响应和阻止病毒复制的细胞机制对于控制人类疾病至关重要。 RNA (PKR) 激活的干扰素诱导蛋白激酶介导人类病毒防御机制以及人类细胞的生长、分化和程序性死亡。当长链双链 RNA (dsRNA)（通常是病毒来源）存在时，PKR 通过自磷酸化而被激活。一旦被激活，磷酸化的 PKR 就会磷酸化真核起始因子-2α (eIF-2α)，从而抑制翻译起始，并在某些情况下导致程序性细胞死亡或凋亡。 PKR 还被​​证明是人类免疫缺陷病毒 1 型 (HIV-1) 复制的调节因子，并且被认为是一种肿瘤抑制因子。因此，PKR 作用机制对于人类健康相关研究的许多不同领域具有核心意义和重要性。 不幸的是，人们对 PKR 激活的详细机制知之甚少。 本研究计划的重点是阐明 RNA 激活和调节 PKR 的动力学机制。
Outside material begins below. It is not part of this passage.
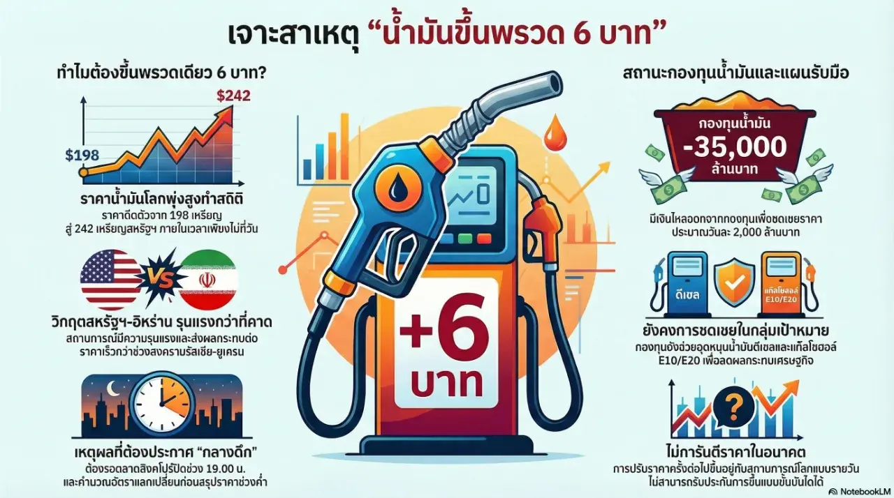 เจาะลึกสาเหตุน้ำมันพุ่งพรวด 6 บาท! กองทุนฯ ถังแตกจริงไหม? แล้วสงกรานต์นี้มีโอกาสแตะ 70 บาทหรือเปล่า?

将建立一个详细的动力学框架，用于在与 dsRNA 进行非序列特异性相互作用时将 PKR 组装成激活的复合物。 这将通过机械酶学和生物化学方法来实现，包括利用 PKR 或标记 RNA 固有荧光的停流研究、平衡荧光结合研究和定点诱变。 PKR 还可以受到含有特殊非 dsRNA 或非 Watson-Crick 结构的病毒和细胞 RNA 的调节。将检查几种能够调节 PKR 的非 Watson Crick RNA 的详细机制和结构。上述机制实验的结果将有助于动力学框架的开发，在该框架内分配和理解结构化 RNA 的各种作用。这将通过停流实验、平衡荧光研究和 RNA-蛋白质结构-功能分析来实现。 RNA 结构也将通过结构作图、交联、足迹和几种新颖的体外选择方法等方法进行检查。将选择和丰富对调节 PKR 功能至关重要的专门 RNA，目的是确定一组规则，以预测病毒或细胞 RNA 是 PKR 的正调节剂还是负调节剂。